Build GenAI failure classification system

When you operate a GenAI system in production, you quickly discover that an LLM can return HTTP 200 with a perfectly structured response that contains fabricated citations, drifted embeddings, or PII leakage — silent failures that traditional REST monitoring will never flag. Without a shared vocabulary that names each failure mode and routes it to the right runbook, on-call engineers waste hours triaging "the model seems weird today" tickets while real incidents like prompt injection or runaway agent loops compound unnoticed.

By the end of this lesson you'll be able to classify any production GenAI failure signal into one of five canonical categories — provider, quality, cost, security, or data — encode each as a typed Pydantic event, and apply the priority order that downstream alerting depends on.

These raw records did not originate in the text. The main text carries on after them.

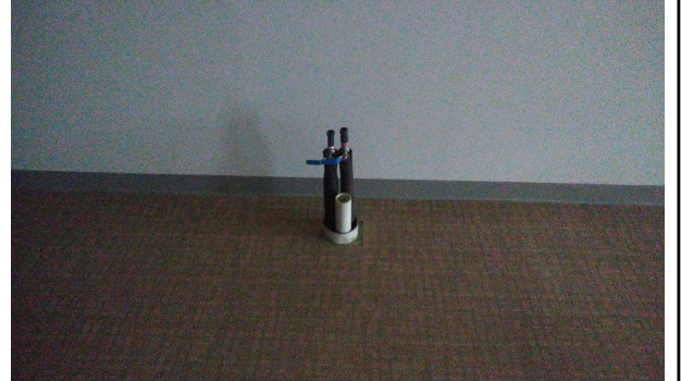
수전 및 배수구
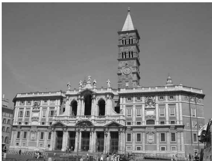
Basilica di Santa Maria Maggiore - Roma
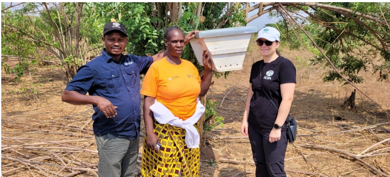
Slika : Obisk projekta v Zambiji

Projekt vključuje partnerje iz Zambije, Slovenije in lokalne strokovne institucije.
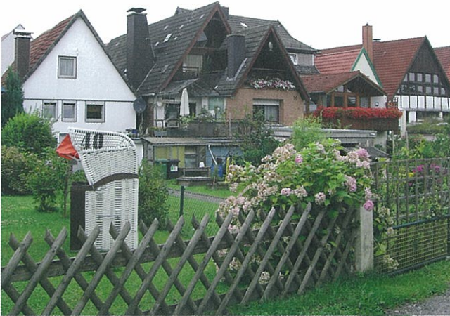
ホルンの市壁付近の家と裏庭
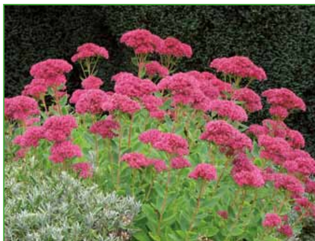
Cvetove pri hermeliki pustimo do spomladi.

svojega dela, sadijo trajnice načrtovano.
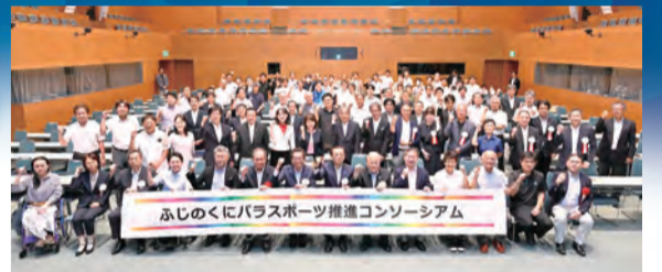
▲8月30日に行われた設立総会を機に活動がスタート

スポーツの秋が到来。県は誰もが生き生きと健康に暮らせる共生社会を目指して、官民が連携してパラスポーツの振興に取り組む「ふじのくにパラスポーツ推進コンソーシアム」を設立しました。パラスポーツには障害の有無にかかわらず誰もが取り組めるなどさまざまな魅力があります。みんなで観戦したり、一緒に楽しんだりしてみませんか?
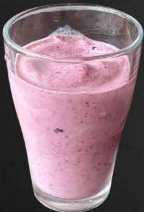
アサイースムージー 700yen
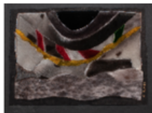
Tapisseries en peau de phoque
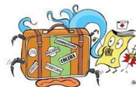
III Curso de Medicina Tropical y del Viajero para Atención Primaria
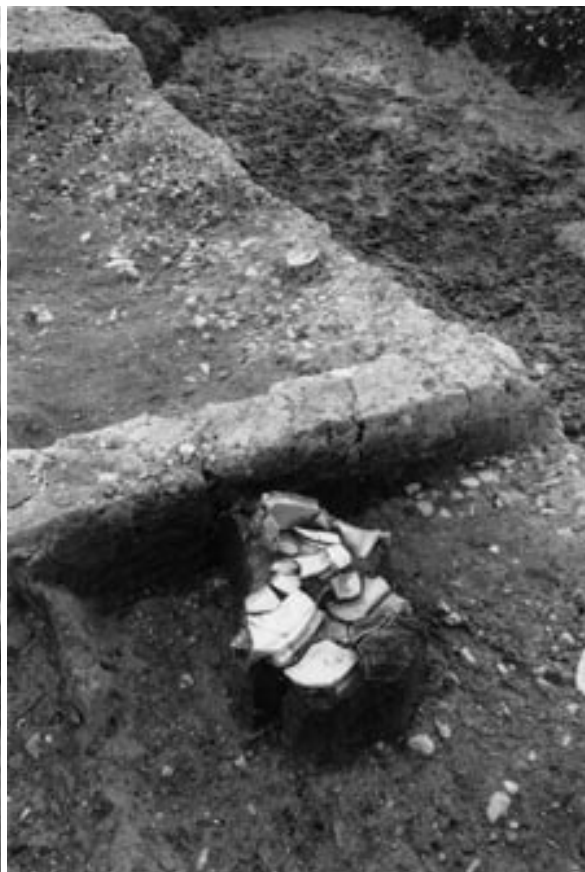
3 溝3瓦器出土状況（北西から）
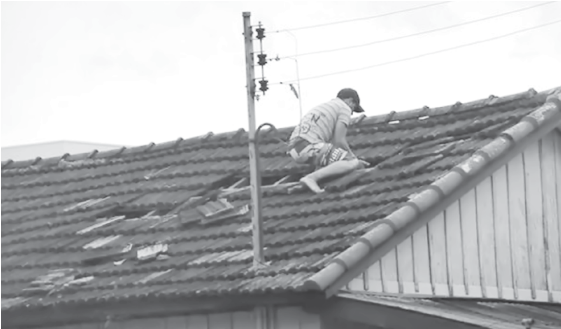
Morador troca telhas de casa atingida durante temporal

Galhos de uma árvore atingiram e danificaram uma caminhonete que pertence ao seu vizinho. O valor do prejuízo chega a R$ 8 mil. Os moradores passaram o dia limpando as casas e trocando as telhas quebradas. MAIS ESTRAGOS Em Meridiano, os estragos foram grandes: telhas quebradas, árvores arrancadas, caibros e vigas foram lançados nos telhados de residências. “Estou contabilizando meu prejuízo. Acredito que deve ficar em aproximadamente R$ 6 mil.
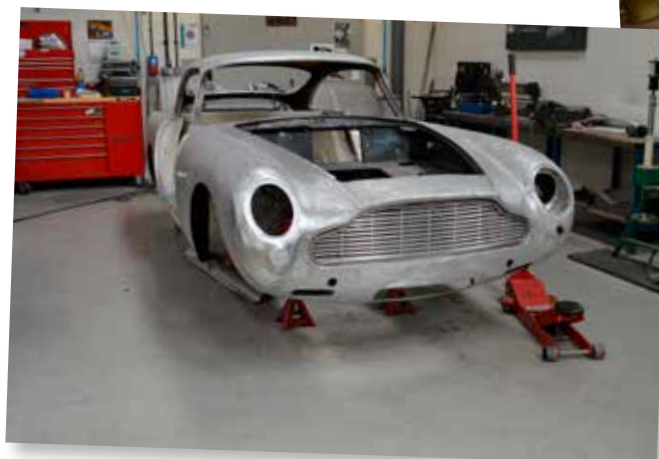
Aston Martin totalrestaurering for en kunde i Schweiz
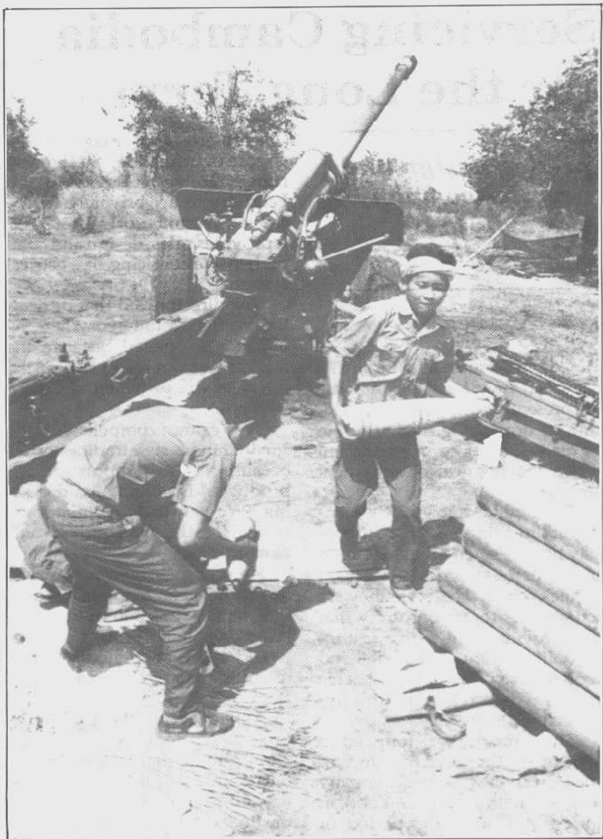
正在与红色高棉进行炮战的政府军炮兵。
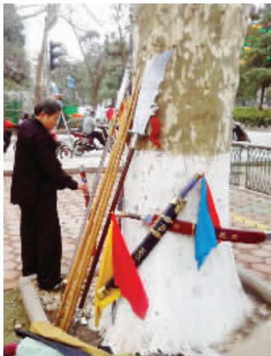
高手“获释” 刀、枪、剑、棍,十八般武艺样样精通,可老天不给面子,无法施展。这回,得好好出去耍耍。摄于台城 (作者清溪阁主获30元话费)
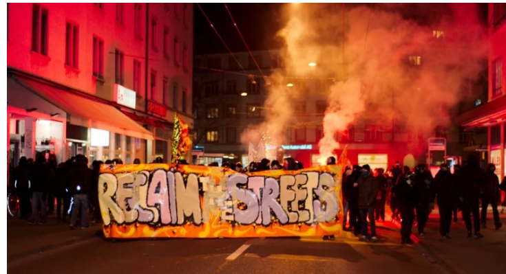
Donatsch/Godenzi/Tag, AT 10 , 113

«Solche sog. objektiven Strafbarkeitsbedingungen... gehören im Gegensatz zu den Tatbestandsmerkmalen nicht zur Umschreibung des verbotenen Verhaltens, sondern beschränken dessen Strafbarkeit auf schwerwiegendere Fälle, in denen ein konkreter Erfolg eingetreten ist... Sie brauchen daher vom Vorsatz nicht umfasst zu sein.»
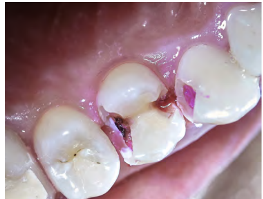
2 Ouverture de la carie (étendue dans la dent 13), colorant de carie
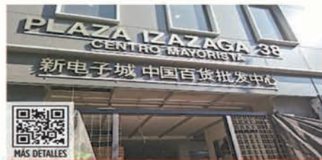
1 IZAZAGA 38. "Nuevo Centro Mayorista de Grandes Almacenes de Electronic City, China".

"Además, al final de cuentas, nunca quedó claro qué ofrecíamos, cuál era el perfil de Xóchitl Gálvez, qué representaba, qué ofrecía".
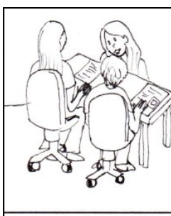
PRÁVA A OPRAVNĚNÉ ZÁJMY
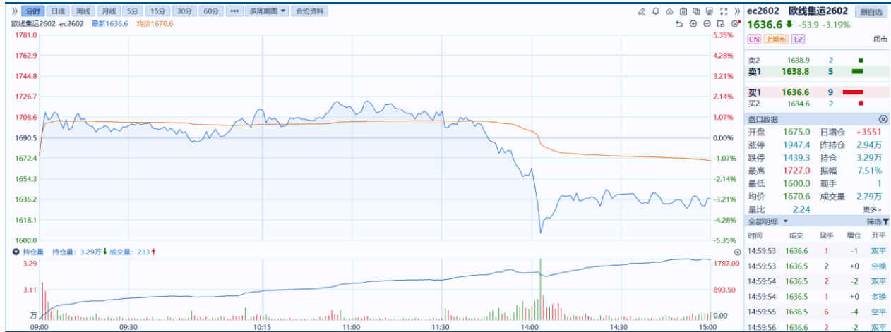
图1：主力合约日K线图
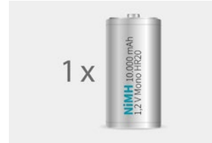
NiMH-Akkus 1,2 V Mono HR20/10.000 mAh Art.-Nr. 5920001006
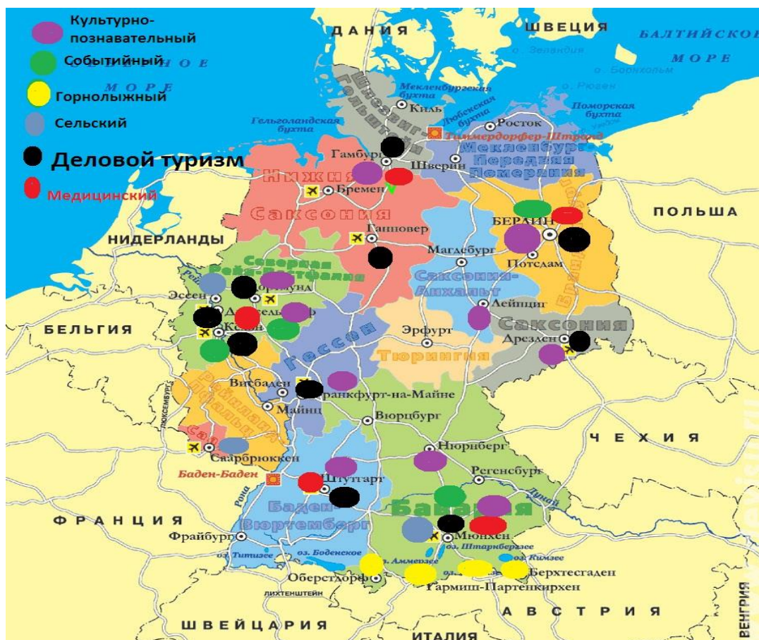
Рисунок 1 – Основные виды туризма в Германии (составлено автором по: [17]).
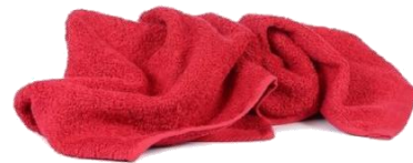
DRAPS (PER TREBALLS DE TALLER)
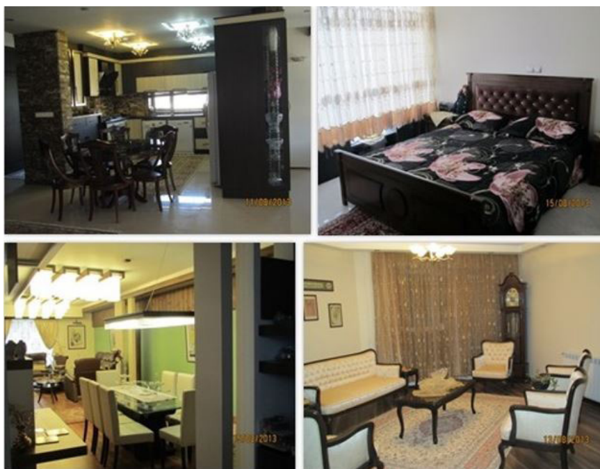
شکل ۲. نمونه‌هایی از وضعیت زندگی در فضاهای داخلی خانه، منطقه استادان

و مقایسه مفاهیم به‌دست‌آمده به تحلیل رابطه فضاهای معماری و فرهنگ مصرفی ساکنین خانه‌ها پرداخته است. جدول ۱ نشان‌دهنده تفاوت خانه‌ها در دو بافت از نظر فضاها، سبک مصرف و تعاریف متفاوتشان از فضاها و رفتارها می‌باشد.
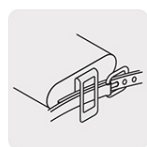
Clip para cinturón
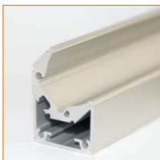
29 mm x 25,4 mm
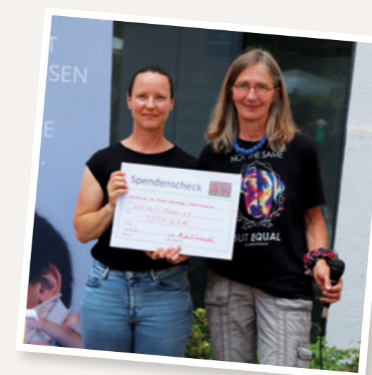
An der Erzbischöflichen Theresia-Gerhardinger-Mädchenrealschule findet jährlich eine Spendenlauf statt. Wenn Sie wissen möchten, wie so ein Spendenlauf funktioniert, kontaktieren Sie uns gerne!

Wir begleiten Sie gerne mit Informationsmaterial, Flyern oder persönlichen Gesprächen bei der Planung. Ob im kleinen Kreis oder mit großer Öffentlichkeit – Ihr Einsatz ist mehrfach wertvoll für unsere Arbeit.

• Provider Failure — Errors originating from the upstream LLM API (rate limits, 5xx, timeouts, model deprecation). Matters here because these are the only failures with explicit HTTP error codes and form the baseline category against which the silent ones are contrasted.
• Quality Failure — Semantic degradation of model output (hallucination, format violation, coherence drop, silent regression after a model update). Matters because the request returns 200 — only an evaluation pipeline can surface it.
• Cost Failure — Token consumption or billing that breaches a configured budget (recursive agent loops, tier escalation, prompt bloat). Matters because cost overruns scale linearly with traffic and can drain a monthly budget in minutes.
• Security Failure — Adversarial or accidental violations of the system's security boundary (prompt injection, PII leakage, jailbreak, exfiltration). Matters because this is the highest-priority bucket in the classifier — it preempts every other signal.
• Data Failure — Corruption or drift in the data layer that feeds GenAI pipelines (embedding drift, retrieval degradation, ingestion gaps). Matters because data failures masquerade as quality failures and must route to the reindex runbook, not the eval runbook.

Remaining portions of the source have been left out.